I shook my head. “It’s been too long since I was last in one of his temples, and the magical manipulation was too old for me to pick up any scents.”
“It was Resef’s, all right,” Seppo said, nodding. “But I can’t guarantee there weren’t any alien augments to it. If our ambusher was aquatic, it could have hijacked his wards to support its attack.” His fingers plied the air as he began drawing on his own magic. Thin, silver tubes stretched between his fingertips, twisting together as he bent his hands. When he had a fist-sized spool of the strands, he stood up and bent over the girl. “I’ve been thinking on her injuries, and I might be able to devise something to suture these wounds. There are psychotropic crystals as well. Perhaps one of those could aid her.”

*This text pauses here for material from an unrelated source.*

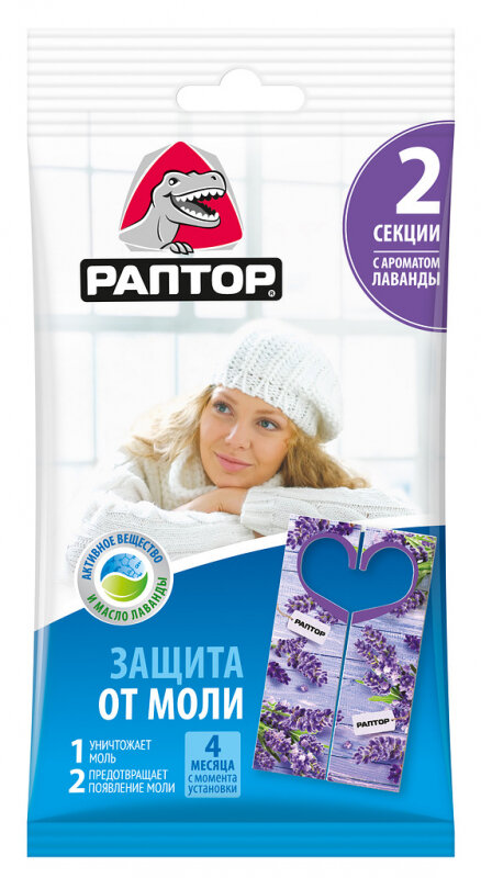 Средство от моли раптор с ароматом лаванды, 2 уп. по 2 секции / защита от моли

“You’d know more about that than we would,” Malia said.
“Jade might, too.” I ignored Malia’s pointed glare. “We’ll fetch her from Nebesa, see if she knows any—”
The earth shook as waterfalls thundered in the temple above us. Fierce, angry shrieks clashed with the drumming of the waterfalls, cries that warbled as the water fought to wash their source away. Malia and I were out the door and up the stairs in a heartbeat.
We stumbled and coughed as we reached the inner temple court. The scent of salt sat thick upon the air, choking in its intensity. Water so salinated it crackled surged across the floor, battering a lump of juniper green tentacles against the altar. The unearthly cries came from the waterlogged creature, which squawked every time it collided with the unforgiving stones. The air tingled with Resef’s magic as columns of water crashed from the ceiling as the wards sought to crush the intruder.
All we could do was watch as the temple safeguards beat against the creature. The magic kept the dense saltwater contained in the chamber, which rose against invisible barriers to obstruct every doorway. It seemed our ambusher had saved us the trouble of hunting him down, but we needed Resef’s wards to calm down before we could get a better look at it.